In this activity, students connect the idea of “nearest multiple” to rounding. They are reminded that to round to the nearest thousand, ten-thousand, and hundred-thousand is to find the nearest multiples of these values. When they find all of the numbers that round to a given number, students need to think carefully about place value and may choose to use a number line to support their reasoning (MP5).

If students list some, but not all, of the numbers that can be rounded to 500,000 (or 490,000), consider asking:

• “¿Cómo sabes que esos números se redondean a 500,000?” // “How do you know that those numbers round to 500,000?”
• “¿Qué números no se pueden redondear a 500,000 por ser demasiado pequeños? ¿Qué números no se pueden redondear a 500,000 por ser demasiado grandes?” // “Which numbers cannot be rounded to 500,000 because they are too low? Which numbers cannot be rounded to 500,000 because they are too high?”
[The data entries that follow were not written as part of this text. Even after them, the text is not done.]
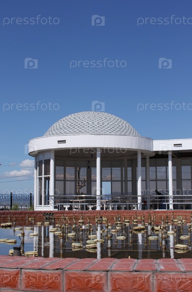 Веранда ресторана и конструкция фонтана на первом плане. Улан-Удэ
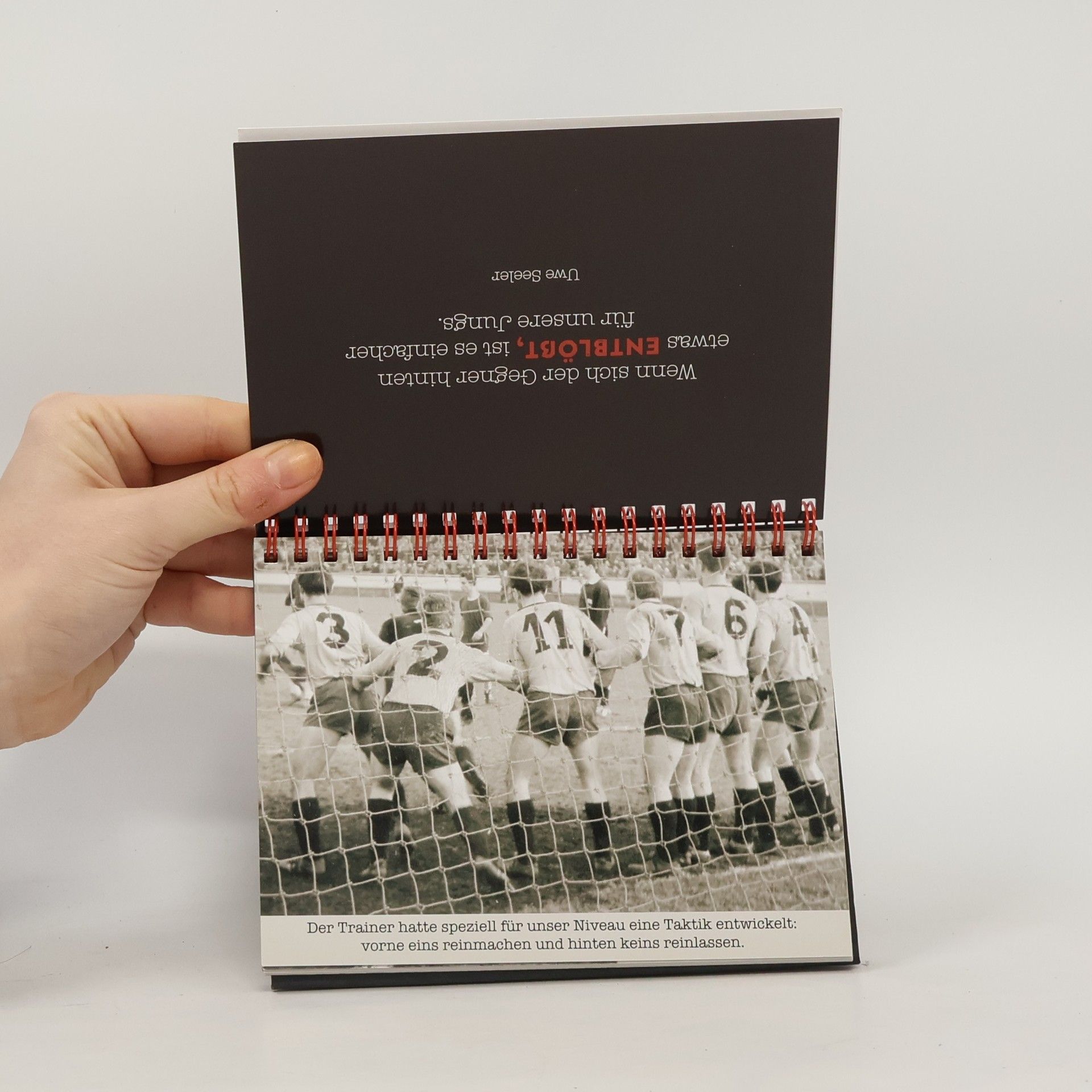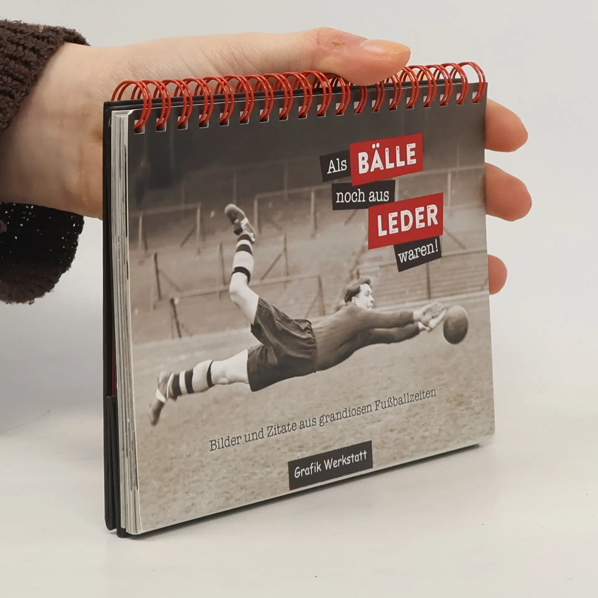 Eine wahre Freude für alle Fußball-Fans: Dieses Spiralbuch punktet mit Bildern und Zitaten aus grandiosen Fußballzeiten. Jede Bild-Text-Kombination ist ein echter Treffer, der nicht nur Sportsfreunde zum Lachen bringt. Witziges Geschenk für alle Fußballbegeisterten. 52 unvergessliche Schnappschüsse und weltklasse Zitate rund um das runde Leder. Ob Retro-Fan, Sportsfreund, Spaßvogel, Sprücheklopfer oder Romantiker - für jeden Typ und jede Gelegenheit findet sich in unserem Spiralbücher-Regal das passende Schätzchen. Die kleinen Hingucker sind beidseitig liebevoll gestaltet mit wunderschönen Fotografien und dazu passend ausgewählten Texten.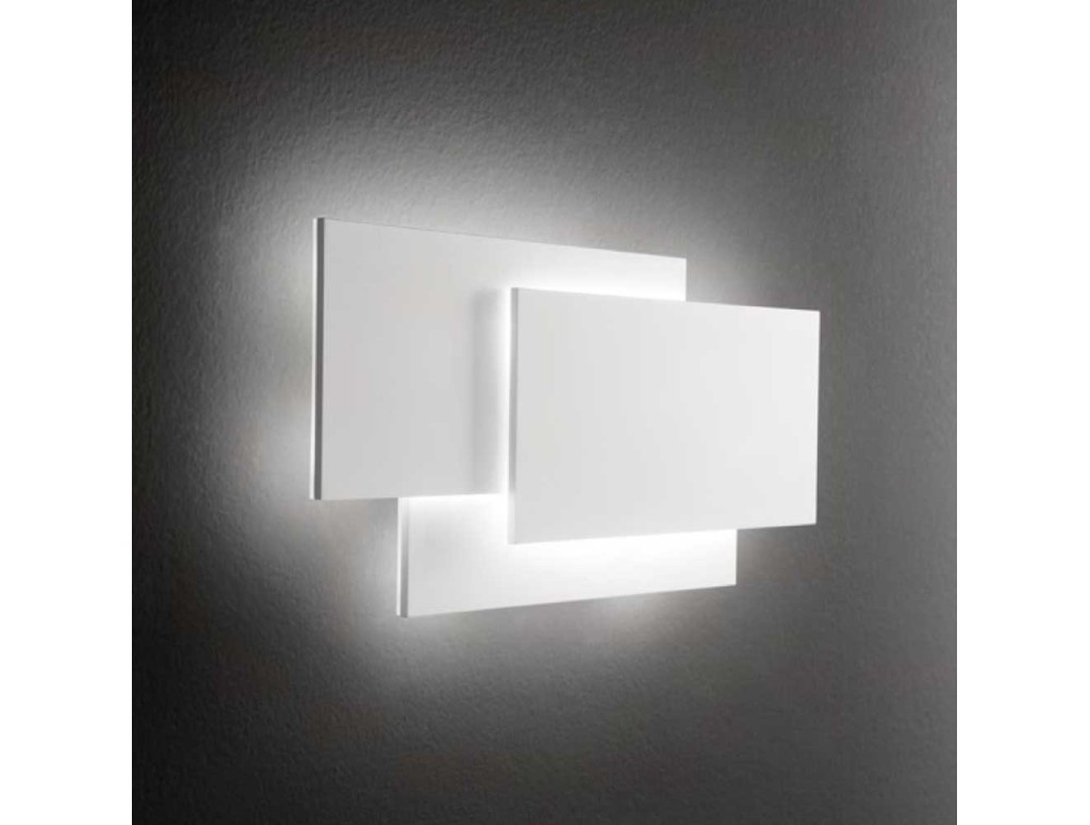 Wall lamp in matt white powder-coated aluminum, made up of three staggered overlapping rectangles. Lamp with a clean and linear design that illuminates the environment with its simplicity and transparency. Ideal for modern and linear medium-sized environments.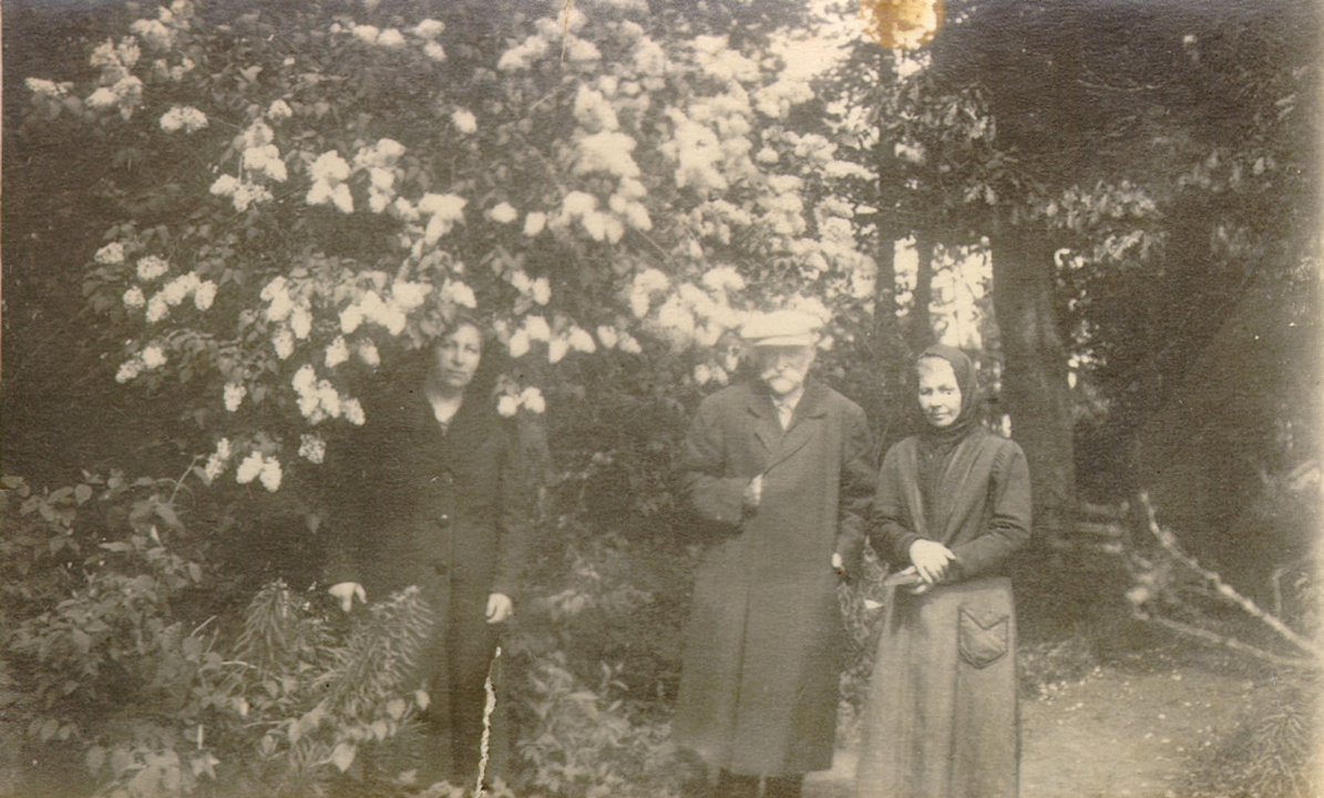 Наталия Павловна Дурдина с матерью и неизвестными женщинами у лестницы перед домом

• Display the number line from the activity.
• Select students to share their responses and reasoning for the first three problems. Record their responses.
• If no students mentioned using number lines to help them identify all the possible numbers that round to 500,000 and 490,000, ask them to try showing the ranges on the number line.
• Display students’ annotated number lines or the following:

  

  

• “¿Cómo encontraron los números que se pueden redondear tanto a 500,000 como a 490,000?” // “How did you find numbers that can be rounded to both 500,000 and 490,000?” (I chose numbers that are between 485,000 and 494,999, since all of them can be rounded to 500,000. Numbers outside of that interval cannot be rounded to 490,000.)

In this activity, students round numbers to various place values. For the first time, students encounter a number that rounds to one million and some that round to 0. (For example, 4,896, rounded to the nearest hundred-thousand is 0.) Students may wonder why we round a number in the thousands to the nearest hundred-thousand. Make note of such ideas to discuss in the next lesson where students explore rounding in context and see that it often involves giving meaningful information.

• Display the blank table from the activity. Invite students to share their responses to complete the table. Discuss any disagreements.
• “El número 96,500 está a la misma distancia de 96,000 que de 97,000. ¿Cómo sabemos cuál escoger si queremos redondearlo al múltiplo de mil más cercano?” // “The number 96,500 is the same distance from 96,000 and 97,000. How do we know which way to go if rounding to the nearest thousand?” (By convention, we round up.)

In this optional activity, students round multi-digit whole numbers in the context of population. They describe the effect of rounding large numbers to different places and how the rounded values may illuminate or obscure a situation, and may help or hinder problem solving. Along the way, students engage in aspects of mathematical modeling (MP4).

• Select groups to share the matches they made and their reasoning.
• Display the completed table.
• Invite students to briefly share their responses to the last problem, using the table to aid their explanations.
• Point out that, in reality, it is unlikely to accurately count the exact number of people in a state. Highlight that rounding can be a useful way to get a sense of a quantity, but it requires making some decisions about what is most meaningful in a situation.